American baseball player (1889–1963)

Carl Eugene Zamloch (October 6, 1889 – August 19, 1963) was an American baseball player, manager, and coach, and magician.

The son of famed magician Anton Zamloch, he performed as a boy in his father's vaudeville magic act. He then played professional baseball player for 20 years, principally as a right-handed pitcher, between 1911 and 1930, including one season in Major League Baseball for the Detroit Tigers in 1913. He compiled a 1–6 win–loss record and a 2.45 earned run average (ERA) in the major leagues. In nine minor league seasons for which records are available, he appeared in 154 games with a 25–25 record.

For 13 seasons from 1916 to 1917 and 1919 to 1928, he compiled a 146–91–7 record as the head baseball coach for the University of California Golden Bears baseball team.

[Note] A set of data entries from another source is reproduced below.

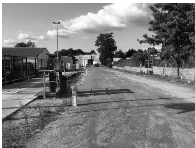
Route transversale traversant la zone. Au fond, PAPREC.

La directrice de l'entreprise et la vice-présidente chargée des déchets affirment qu'il y a eu beaucoup de communication auprès des collectivités et des administrés. Certains écrasent la bouteille et les rebouchent après. D'autres jettent la bouteille et récupèrent le bouchon. A Illats, il y a des récupérateurs de bouchons à l'école et à la salle de sports. Ils sont ensuite amenés bénévolement au centre de collecte du Passage d'Agen. (Note de la rédaction : la CDC pourrait-elle ouvrir un nouveau point de collecte à la déchetterie de Virelade ?)
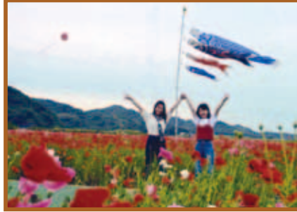
『ベイファームのポピー』 写真
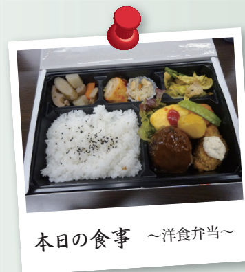
本日の食事 ~洋食弁当~
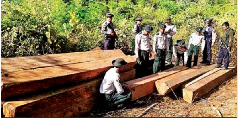
မြန်မာနိုင်ငံအတွင်း တရားမဝင်သစ်များ ဖမ်းဆီး ဆောင်ရွက်ရာတွင် ဒေသခံပြည်သူများ ပူးပေါင်းပါဝင် သော သတင်းပေးစနစ်ဖြင့်လည်းကောင်း၊ သဘာဝ သစ်တောများ ကာကွယ်နိုင်ရေးအတွက် အသိပညာ ပေးဆောင်ရွက်မှုများကြောင့် ဇန်နဝါရီလ တတိယ ပတ်အတွင်း မကွေးတိုင်းဒေသကြီး ကံမမြို့နယ် အတွင်း၌ တရားမဝင်သစ်တန် ၁၀၀ ကျော် ဖော်ထုတ် ဖမ်းဆီးနိုင်ခဲ့ကြောင်း သိရသည်။
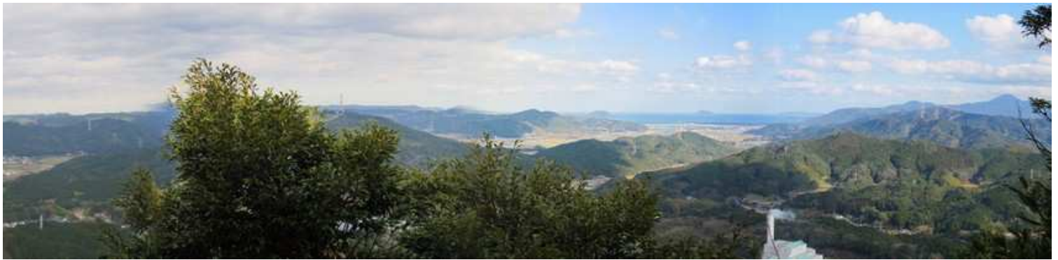
旗竿石から北の展望。
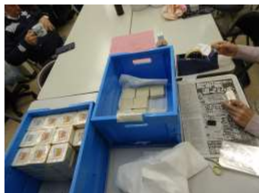
*出荷前の「万能石鹼すご腕くん」

通所を通して自分が一番変わったと思うことは、人にありがたうとか挨拶ができるようになったことです。感情はまだまだブレやすいです。でも、自分にとってすとおりは大事な居場所です。無力な自分ですが、すとおりは楽しいし、みんなのことが大好きです。みんなと一緒に過ごせるように、健康に気を付けて通所をしていきます。
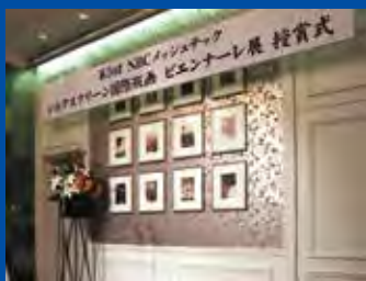
前回会場イメージ
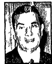
MORO - Silenziose consultazioni mondane
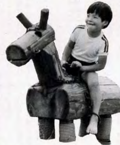
カッコいいだろ。ボク、カウボーイ
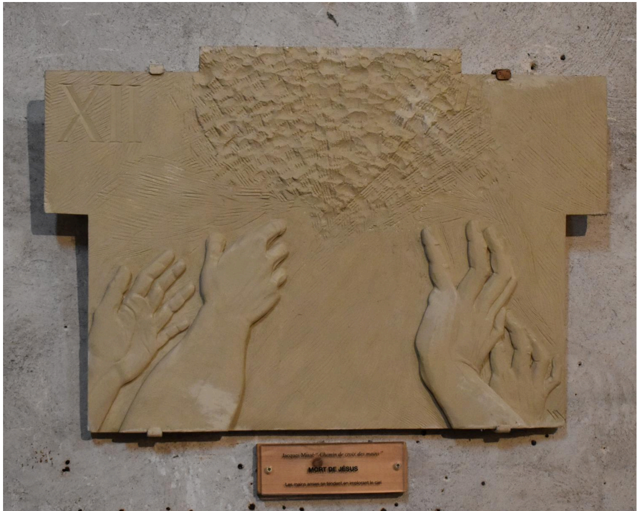
Station XII : La mort de Jésus
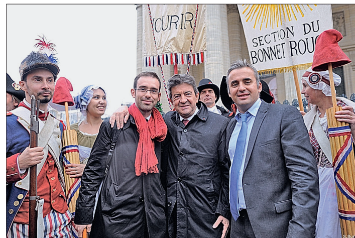
Жан-Люк Меланшон (в центре) с авторами книги.

ков. Выдающийся деятель французской революции Максимилиан Робеспьер привлекал к себе особое внимание. Одни видели в нём жестокого тирана и связывали с его именем только террор эпохи якобинской диктатуры, другие отмечали его исключительную роль в утверждении «республиканских ценностей» во Франции после уничтожении «старого режима», то есть монархии. Сегодня его имя вновь в центре политической борьбы.
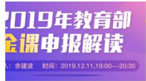
2019年教育部金课申报解读
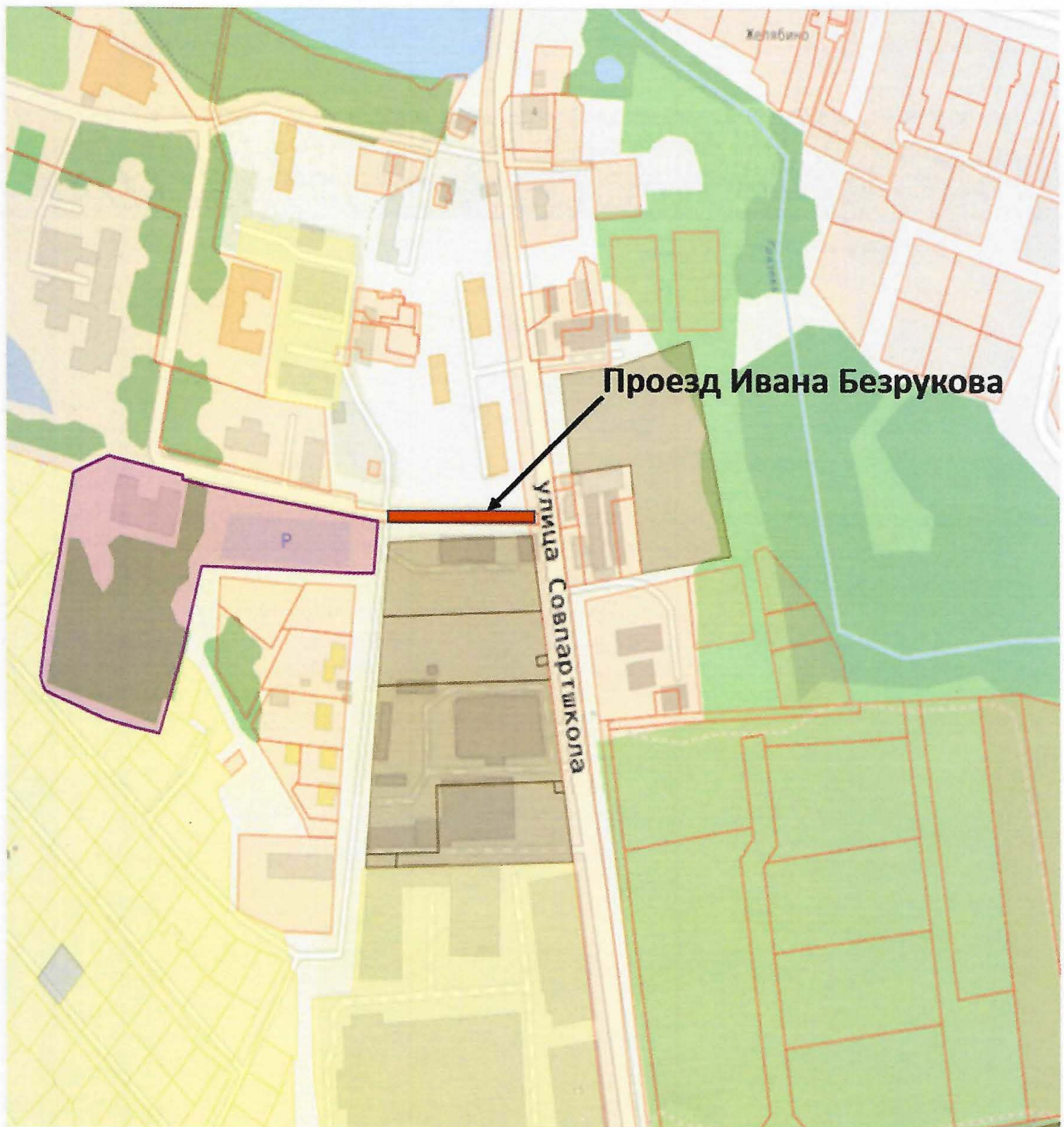
Схема размещения элемента улично-дорожной сети расположенная по адресу: Московская область, г. о. Красногорск, пгт. Нахабино, улица Совпартшкола – проезд Ивана Безрукова

Глава городского округа Красногорск « 23 » 04. 2026 г.

Zamloch also served as the manager of the Twin Falls Bruins in 1926 and the Oakland Oaks of the Pacific Coast League from 1930 to 1932. He was also a part owner of the Oaks from 1929 to 1934. He also performed for much of his life as a magician.

==Early years==
Zamloch was born in Oakland, California, in 1889. His father Anton Zamloch was one of the most famous magicians (performing under the name "Zamloch the Great" and "Professor Zamloch") in the late 19th century and early 20th century. As a boy, Zamloch was the assistant in his father's magic act.

==Baseball career==
===Playing career===
Zamloch began playing professional baseball in 1910, at age 19, as a left fielder for a team in San Leandro, California. He played in 1911 for the Sacramento Sacts and the San Francisco Seals, both of the Pacific Coast League (PCL). In 1912, he played for the Missoula, Montana team in the Union Association, appearing in 58 games.

In October 1912, Zamloch was sold to the Detroit Tigers. He made his major league debut with the Tigers on May 7, 1912, and appeared in his last major league game two months later on July 9, 1913. He appeared in a total of 17 major league games, 12 as a relief pitcher and five as a starter. His adjusted ERA+ was 119, and he ranked 10th in the American League with 11 games finished in 1913.

Although his major league career ended in 1913, he continued to play in the minor leagues for several additional years, including stints with the Denver Bears of the Western League in 1914, the Albuquerque Dukes of the Rio Grande Association in 1915, the Spokane Indians of the Northwestern League and Oakland Oaks of the PCL in 1917, Alameda of the Mission League in 1918, the San Francisco Seals of the PCL in 1919, the Seattle Rainiers of the PCL in 1920, the Calgary Stampeders in the Western International League in 1922, the Twin Falls Bruins (as player-manager) in 1926, and the Oakland Oaks for two final games in 1930. In his later years as a player, Zamloch served as a utility player. The San Francisco Chronicle in 1919 described him as "a valuable utility man, for he can pitch, play the infield or outfield, and he is a pretty fair hitter." In nine minor league seasons for which records are available, he appeared in 154 games and compiled a 25–25 win–loss record as a pitcher.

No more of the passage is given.